- [What you are asked to do]:
Which lines belong in your copy? Those from the start of the data through the line with "木炭、練炭、薪や枯れ枝などい", exactly as written, without any pictures.

(Collected material begins)

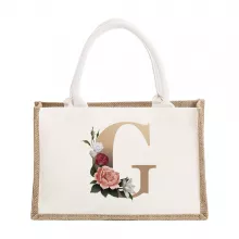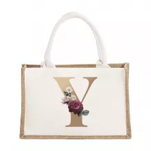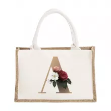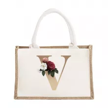 Use our battle tested marketing materials for Personalized Gold Print Jute Canvas Tote Bags for Bridesmaids and Beach Trips
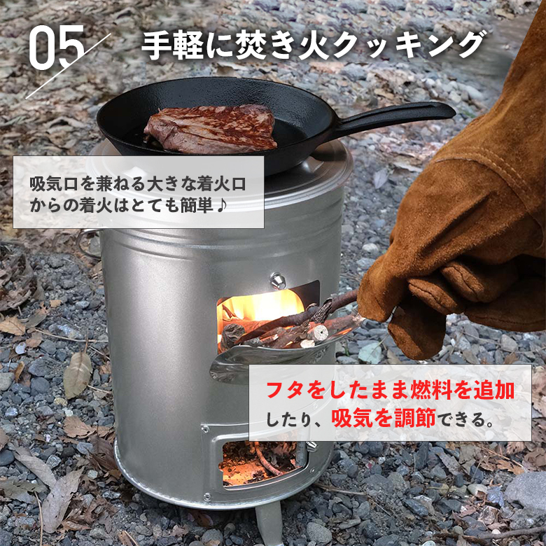 木炭、練炭、薪や枯れ枝などいろいろな燃料が使えて簡単着火!好きな場所で手軽に焚き火クッキングができます。
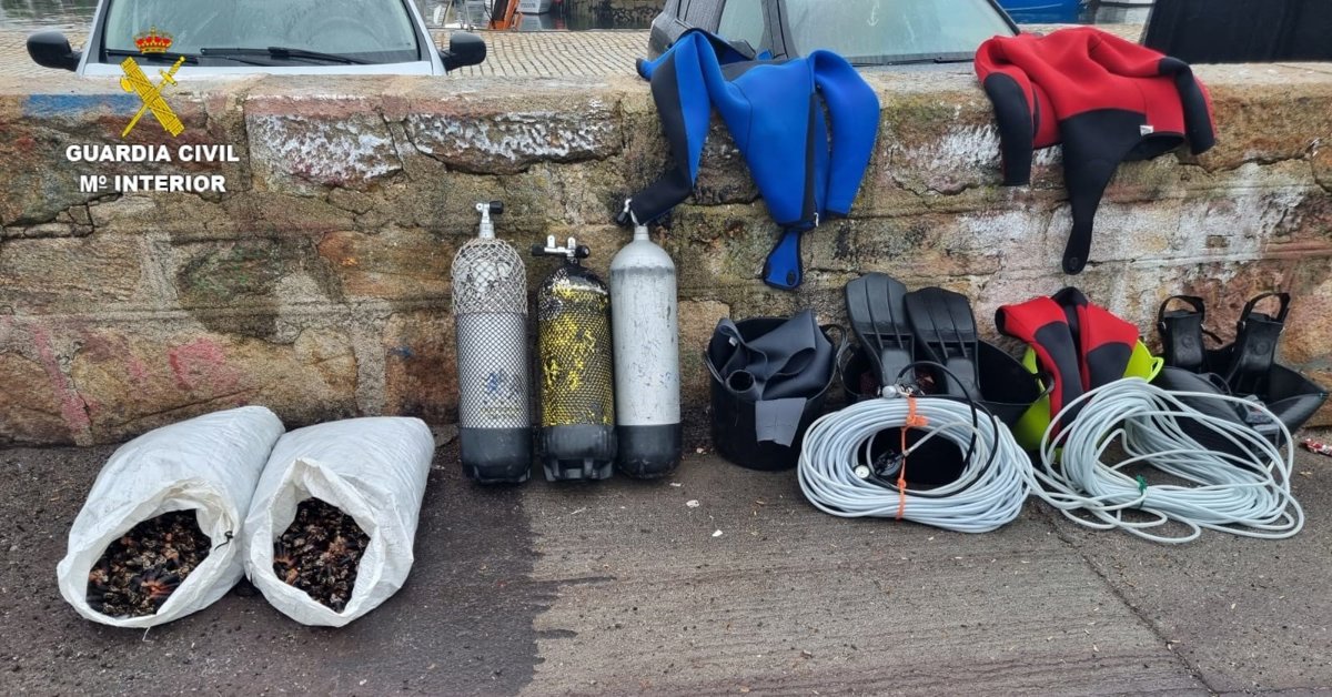 Por otra parte, la Guardia Civil también informa de otra operación, en este caso en Camariñas (A Coruña), en donde se incautaron 67 kilos de percebe, tres equipos completos de buceo y una embarcación de recreo.
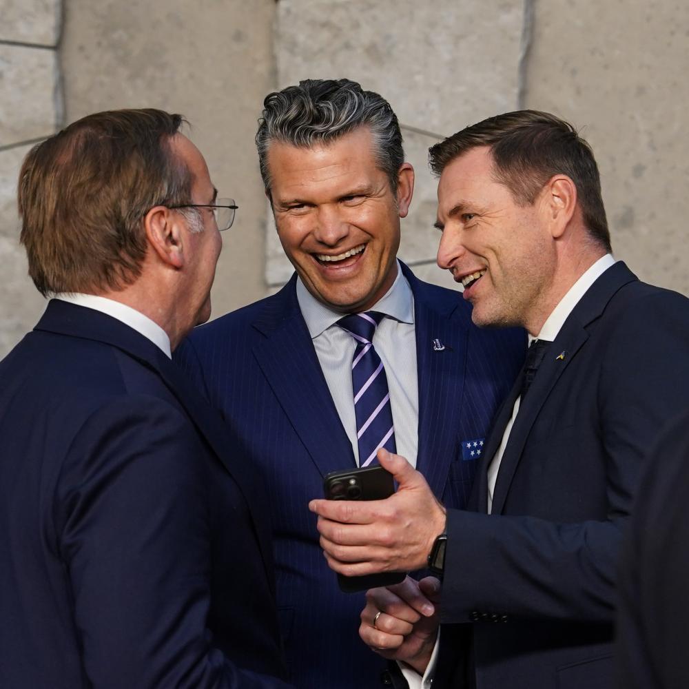 2025年10月15日,在比利時(shí)布魯塞爾舉行的北約防長(zhǎng)會(huì)議結(jié)束后,美國(guó)國(guó)防部長(zhǎng)赫格塞思(中)與愛沙尼亞國(guó)防部長(zhǎng)佩夫庫(kù)爾(右)、德國(guó)國(guó)防部長(zhǎng)皮斯托里烏斯交談。新華社記者彭子洋攝

(Collected material ends)

- [Answer box]:
 Use our battle tested marketing materials for Personalized Gold Print Jute Canvas Tote Bags for Bridesmaids and Beach Trips
 木炭、練炭、薪や枯れ枝などいろいろな燃料が使えて簡単着火!好きな場所で手軽に焚き火クッキングができます。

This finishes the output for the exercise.